### WORK REQUIRED
Beginning with the line containing "得力7658辦公無線裝訂本(混)-60張-A4*10 B" and going on through the line containing "PRODUCT FEATURES: - •", the lines below are to be returned exactly, pictures excluded and nothing added.

### TASK INPUTS
+++
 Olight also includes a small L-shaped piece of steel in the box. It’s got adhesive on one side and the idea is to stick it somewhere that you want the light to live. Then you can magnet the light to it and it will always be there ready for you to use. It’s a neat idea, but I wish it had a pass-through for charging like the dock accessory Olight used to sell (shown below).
+++
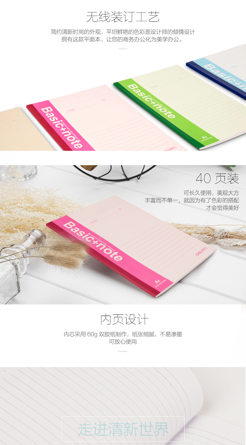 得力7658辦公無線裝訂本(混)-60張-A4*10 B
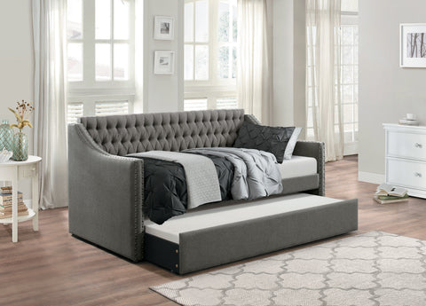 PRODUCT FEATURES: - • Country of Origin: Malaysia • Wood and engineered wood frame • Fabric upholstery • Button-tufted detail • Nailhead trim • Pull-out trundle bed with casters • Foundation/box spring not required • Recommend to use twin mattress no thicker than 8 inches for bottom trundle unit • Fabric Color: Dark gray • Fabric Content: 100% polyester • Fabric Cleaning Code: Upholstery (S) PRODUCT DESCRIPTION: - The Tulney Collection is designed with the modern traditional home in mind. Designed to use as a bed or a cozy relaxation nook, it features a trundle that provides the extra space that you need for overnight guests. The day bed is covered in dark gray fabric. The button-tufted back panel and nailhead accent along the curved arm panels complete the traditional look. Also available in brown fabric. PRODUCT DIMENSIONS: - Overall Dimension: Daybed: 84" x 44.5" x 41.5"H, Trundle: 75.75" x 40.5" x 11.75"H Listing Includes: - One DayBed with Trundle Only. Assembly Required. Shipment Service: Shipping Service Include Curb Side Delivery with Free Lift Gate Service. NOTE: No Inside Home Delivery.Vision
+++
### FINISHED EXERCISE
 得力7658辦公無線裝訂本(混)-60張-A4*10 B
 PRODUCT FEATURES: - • Country of Origin: Malaysia • Wood and engineered wood frame • Fabric upholstery • Button-tufted detail • Nailhead trim • Pull-out trundle bed with casters • Foundation/box spring not required • Recommend to use twin mattress no thicker than 8 inches for bottom trundle unit • Fabric Color: Dark gray • Fabric Content: 100% polyester • Fabric Cleaning Code: Upholstery (S) PRODUCT DESCRIPTION: - The Tulney Collection is designed with the modern traditional home in mind. Designed to use as a bed or a cozy relaxation nook, it features a trundle that provides the extra space that you need for overnight guests. The day bed is covered in dark gray fabric. The button-tufted back panel and nailhead accent along the curved arm panels complete the traditional look. Also available in brown fabric. PRODUCT DIMENSIONS: - Overall Dimension: Daybed: 84" x 44.5" x 41.5"H, Trundle: 75.75" x 40.5" x 11.75"H Listing Includes: - One DayBed with Trundle Only. Assembly Required. Shipment Service: Shipping Service Include Curb Side Delivery with Free Lift Gate Service. NOTE: No Inside Home Delivery.Vision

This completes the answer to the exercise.